If you want to generate a file in a format that is not (yet) supported, you can try to use GenericFileProvider. In the following example, an HTML file is generated from a template.

from faker import Faker
from faker_file.providers.generic_file import GenericFileProvider

file = GenericFileProvider(Faker()).generic_file(
    content="<html><body><p>{{text}}</p></body></html>",
    extension="html",
)

Storages

Example usage with Django (using local file system storage)

from django.conf import settings
from faker_file.providers.txt_file import TxtFileProvider
from faker_file.storages.filesystem import FileSystemStorage

STORAGE = FileSystemStorage(
    root_path=settings.MEDIA_ROOT,
    rel_path="tmp",
)

FAKER.add_provider(TxtFileProvider)

file = FAKER.txt_file(content=TEXT, storage=STORAGE)

Example usage with AWS S3 storage

from faker_file.storages.aws_s3 import AWSS3Storage

S3_STORAGE = AWSS3Storage(
    bucket_name="test-bucket",
    root_path="tmp",  # Optional
    rel_path="sub-tmp",  # Optional
    # Credentials are optional too. If your AWS credentials are properly
    # set in the ~/.aws/credentials, you don't need to send them
    # explicitly.
    # credentials={
    #     "key_id": "YOUR KEY ID",
    #     "key_secret": "YOUR KEY SECRET"
    # },
)

file = FAKER.txt_file(storage=S3_STORAGE)

Augment existing files

If you think Faker generated data doesn’t make sense for you and you want your files to look like a collection of 100 files you already have, you could use augmentation features.

You will need additional requirements:

pip install faker-file[ml]

Usage example:

from faker_file.providers.augment_file_from_dir import (
    AugmentFileFromDirProvider,
)

FAKER.add_provider(AugmentFileFromDirProvider)

file = FAKER.augment_file_from_dir(
    source_dir_path="/home/me/Documents/faker_file_source/",
    wrap_chars_after=120,
)

Generated file will resemble text of the original document, but will not be the same.

CLI

Even if you’re not using automated testing, but still want to quickly generate a file with fake content, you could use faker-file:

faker-file generate-completion
source ~/faker_file_completion.sh

Generate an MP3 file:

faker-file mp3_file --prefix=my_file_

Generate 10 DOCX files:

faker-file docx_file --nb_files 10 --prefix=my_file_

Without faker-file 

There are alternatives.

You could simply store a collection of test files somewhere. If you do so, make sure you “know” your collection. It should be obvious of how to use it. In other words - document it properly, alongside snippets to make most of it.
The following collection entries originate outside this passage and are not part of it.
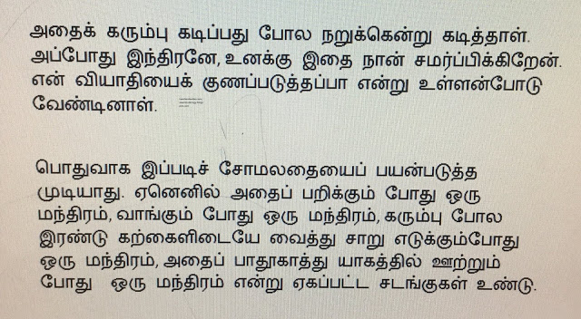 சங்கத் தமிழ் இலக்கியத்தில் கையாளப்பட்ட பல சொற்களை மத்திய கால இலக்கியத்தில் காணமுடியாது. சங்க காலத்தில் நிகழ்காலம், இறந்த காலம், வருங்காலம் என்ற மூன்று காலங்கள் கிடையா. பல உவமை உருபுகள் தொல்காப்பியப் பட்டியலில் உள்ளன. ஆனால் சங்க காலத்தில் கூட 2500 பாடல்களில் அவை இல்லை! இதை ஒப்பீட்டுக்காகச் சொல்கிறேன். உலகில் எல்லா மொழிகளும் மாற்றத்துக்குட்பட்டவை. சந்தி இலக்கணமும் வேத காலத்திலும் பாணினி காலத்திலும் வேறு வேறு.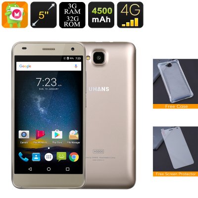 الروبوت الهاتف Uhans H5000 - 5 بوصة IPS العرض، 720P، ثنائي IMEI، 4G، الروبوت 6.0 رباعية النواة وحدة المعالجة المركزية، 3GB RAM، 4500mAh (الذهب)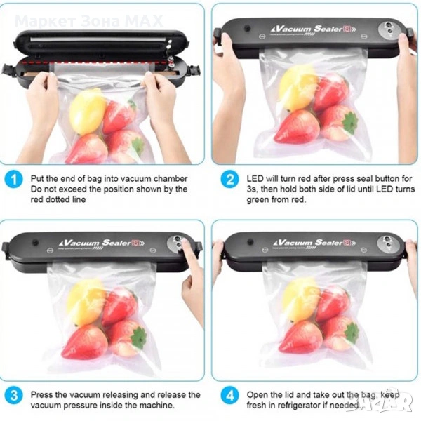 Уредът ефективно изтегля въздуха и запечатва плътно опаковките, като предпазва продуктите от влага, бактерии и образуване на скреж във фризера.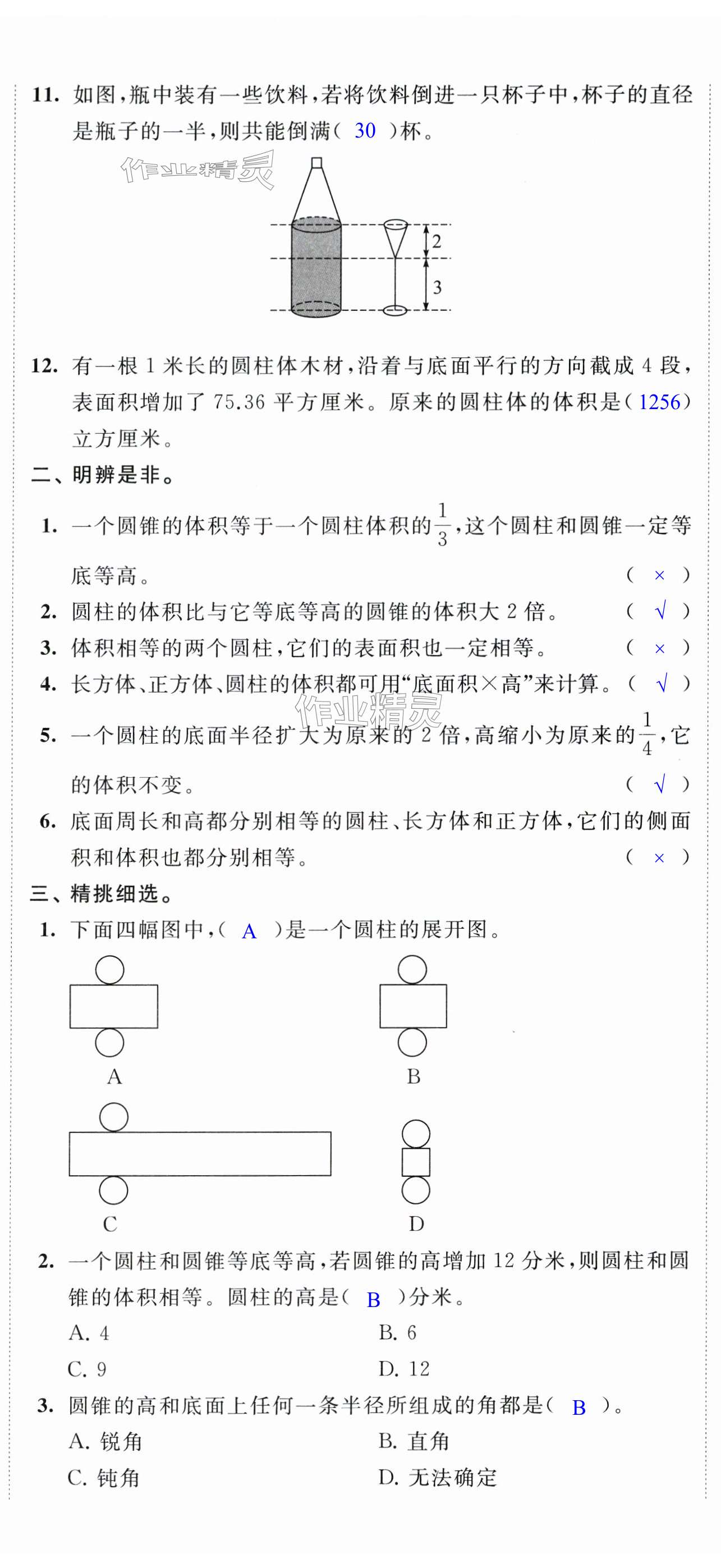 注:目前有些书本章节名称可能整理的还不是很完善,但都是按照顺序排列的,请同学们按照顺序仔细查找。练习册 2025年小学校内巩固六年级数学下册苏教版 答案主要是用来给同学们做完题方便对答案用的,请勿直接抄袭。

Then there comes a natural question - where to store? Should it be centrally hosted or per repository?

An obvious drawback of centrally hosted approach is that modifications become critical. A mistake may cause failure of your CI/CD pipeline. Also, you need to take care of the setup (for both CI/CD and development).

On the other hand, if you do it per project/repository basis, or even using a blue-print repository, you miss these direct contributions to the upstream.

BTW, consider storing your test files in GitLFS.

Besides, adding test files to the repository still feels a little bit strange to me. There’s always a case when you need to have a variation and therefore you need to make another copy, sometimes a very long copy. And oh, refactoring and cleaning up becomes almost unmanageable.

Additionally, you could always go for a mixed approach, when some of the essentially needed files you still do store in the repository (and that can be project specific), while you still make use of the synthetic data for the cases when it’s justified.

Recap/conclusion

Most likely, combination of Faker, factory_boy and faker-file will do just fine for your MVP and even way beyond that (you have all in one: synthetic data + dynamic fixtures + generation of files). This approach also saves you from thinking about where to store your test data, and overall, makes your code more manageable and simplifies the development process.
If you need to test files in your project, think upfront about the details, such as amount of test files you will need, where to store them, how to store them, etc.
If some of your test cases are too specific to replicate with faker-file, consider using hybrid approach.